Japan’s Emperor Akihito has declared his abdication in a historic ceremony at the Imperial Palace in Tokyo.
In his last public address as emperor, Akihito handed over the symbols of power and thanked the public for their support during his 30-year reign.
The 85-year-old was given permission to abdicate after saying he felt unable to fulfil his role because of his age and declining health.
He is the first Japanese monarch to stand down in more than 200 years.
Akihito technically remained emperor until midnight (15:00 GMT on Tuesday).
His eldest son, Crown Prince Naruhito, formally ascends the throne later on Wednesday. A new era – called Reiwa, meaning order and harmony – will begin in Japan’s unique calendar.
While the emperor holds no political power, he serves as a national figurehead.
Akihito has endeared himself to many Japanese people during his reign as he has interacted with those suffering from disease and disaster.
What happened at the abdication ceremony?
In the morning, the emperor took part in a Shinto ceremony to report his plans to the mythological ancestors of Japan’s imperial family.
The main “Ceremony of the Abdication” took place in a state room of the Imperial Palace in front of about 300 people including Prime Minister Shinzo Abe, Crown Prince Naruhito, and Crown Princess Masako.
Imperial chamberlains carried the state and privy seals into the hall, along with a sacred sword and a jewel which are considered symbols of the imperial family.
In a short ceremony, Prime Minister Shinzo Abe addressed the emperor, saying: “While keeping in our hearts the path that the emperor has walked, we will make utmost efforts to create a bright future for a proud Japan that is full of peace and hope.”
Then, in his final speech as emperor, Akihito, wearing a Western-style morning coat, said he “wished Japan and the world peace and happiness”.
“I am deeply grateful for the people that accepted me as a symbol and supported me,” he said.
“I sincerely wish, together with the empress, that the Reiwa era which begins tomorrow will be a stable and fruitful one,” he added. “I pray, with all my heart, for peace and happiness for all the people in Japan and around the world.”

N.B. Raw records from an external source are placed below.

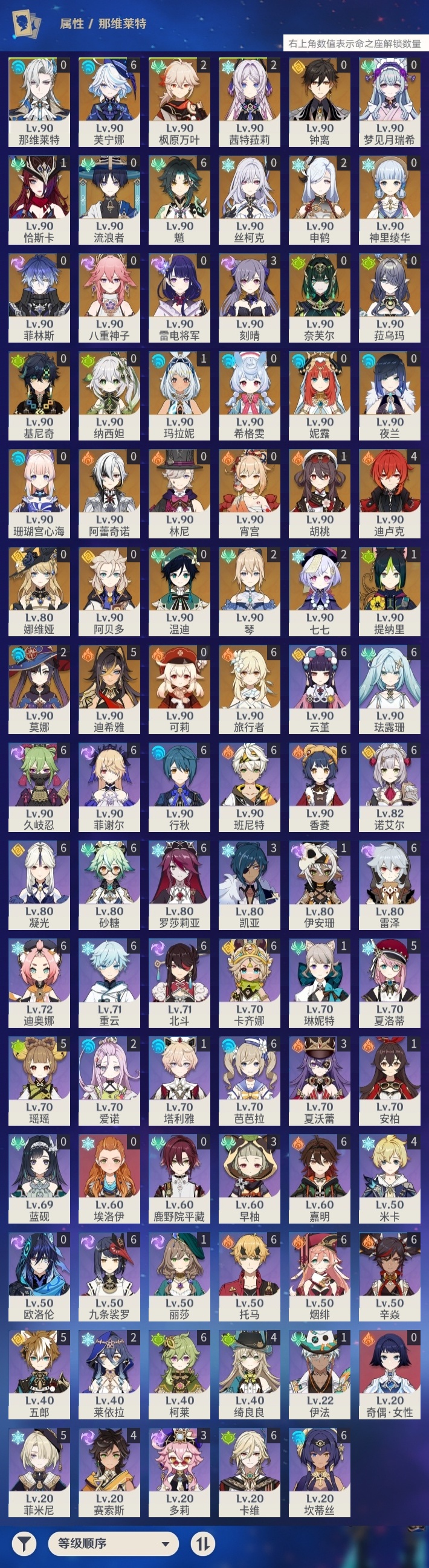 【原神】【lyys9080】冒险等级:60,五星数量:60,五星角色:芙宁娜 6命魈 6命迪希雅 5命迪卢克 4命刻晴 3命茜特菈莉 2命枫原万叶 2命莫娜 2命七七 2命琴 2命申鹤 2命玛拉妮 1命恰斯卡 1命胡桃 1命提纳里 1命基尼奇珊瑚宫心海神里绫华温迪宵宫钟离梦见月瑞希八重神子林尼阿贝多那维莱特夜兰娜维娅阿蕾奇诺丝柯克妮露纳西妲菈乌玛菲林斯奈芙尔流浪者希格雯可莉雷电将军__五星武器:静水流涌之辉 2精和璞鸢 2精狼的末路 2精四风原典 2精斫峰之刃 2精寝正月初晴万世流涌大典阿莫斯之弓苍古自由之誓飞雷之弦振护摩之杖天空之傲天空之脊天空之卷天空之刃天空之翼雾切之回光薙草之稻光若水__四星角色:卡齐娜 6命班尼特 6命行秋 6命九条裟罗 6命香菱 6命久岐忍 6命珐露珊 6命凝光 6命迪奥娜 6命砂糖 6命坎蒂丝 6命柯莱 6命卡维 6命芭芭拉 6命云堇 6命托马 6命烟绯 6命重云 6命辛焱 6命诺艾尔 6命罗莎莉亚 6命雷泽 6命菲谢尔 6命北斗 6命嘉明 6命瑶瑶 5命五郎 5命菲米尼 5命夏洛蒂 5命绮良良 4命米卡 4命赛索斯 4命多莉 3命早柚 3命夏沃蕾 3命莱依拉 2命爱诺 2命琳妮特 1命伊法 1命伊安珊 1命塔利雅 1命埃洛伊奇偶·女性鹿野院平藏欧洛伦蓝砚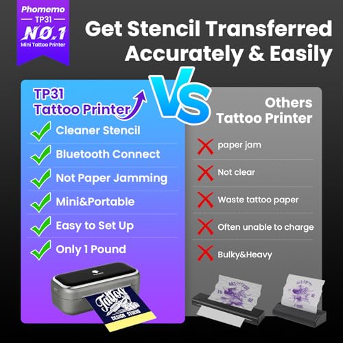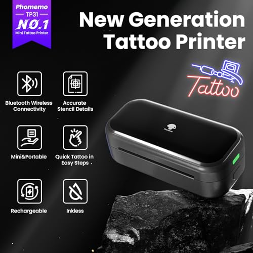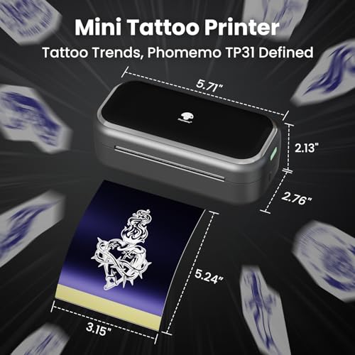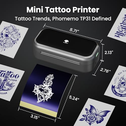 Phomemo TP31 Tattoo Drucker, Aufgerüstet Tragbarer Tattoo Stencil Drucker, Thermodrucker Tattoo Maschine mit 30pcs Transfer Papier, Mini Tattoo Drucker Bluetooth Kompatibel mit Smartphone und Tablet
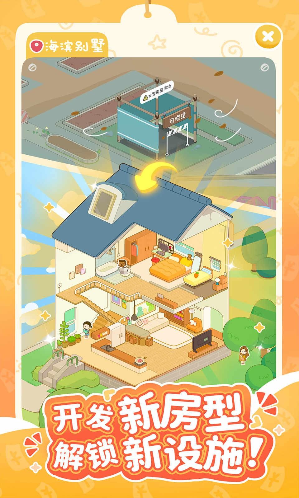 1、为您带来独特的商业模拟游戏,持续经营自己的住房,帮助您快速实现收租、在线改造各种住房环境。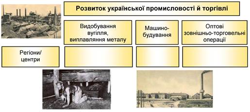 4. На основі наведеної нижче схеми підготуйте розповідь про розвиток української промисловості й торгівлі
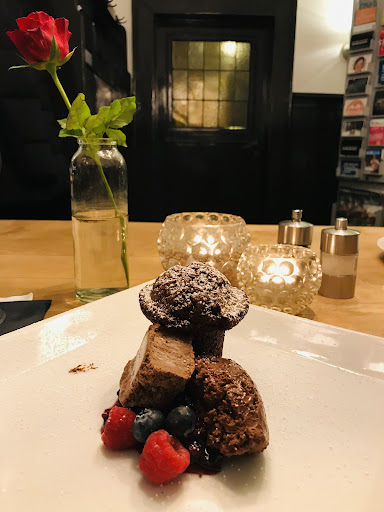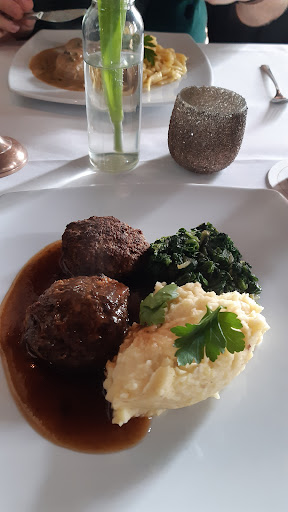 Wir nutzten einen Groupon-Gutschein der ein exklusives 3-Gänge-Menü versprach: • Gruß aus der Küche • 1. Gang: Hausgebackenes Brot, Rosmarinbutter, Meersalz, Oliven • 2. Gang: Hauptgang je Person nach Wahl o Original Wiener Schnitzel, Bratkartoffeln, Salat o Rumpsteak „Strindberg“ mit Zwiebel-Senf-Kruste o Vegetarische Pasta mit frischen Pilzen, Parmesan und grünem Spargel • 3. Gang: Schokolava, frische Erdbeeren, Madagaskar-Vanille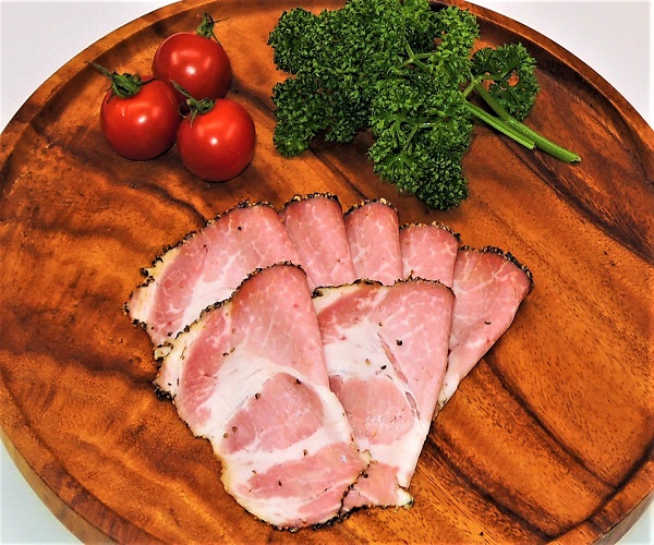 肩ロース肉を上質のペッパーで包み込んだハムです。

After helping his wife, Empress Michiko, down the steps of the ceremonial platform, the emperor bowed towards the gathered officials, then left the room.
Why did the emperor decide to abdicate?
The 85-year-old had surgery for prostate cancer in 2003 and a heart bypass operation in 2012.
In a rare speech in 2016, he said that he feared his age would make it hard for him to carry out his duties and strongly hinted that he wanted to stand down.
Opinion polls showed that the vast majority of Japan sympathised with him, and a year later parliament enacted a law that made his abdication possible.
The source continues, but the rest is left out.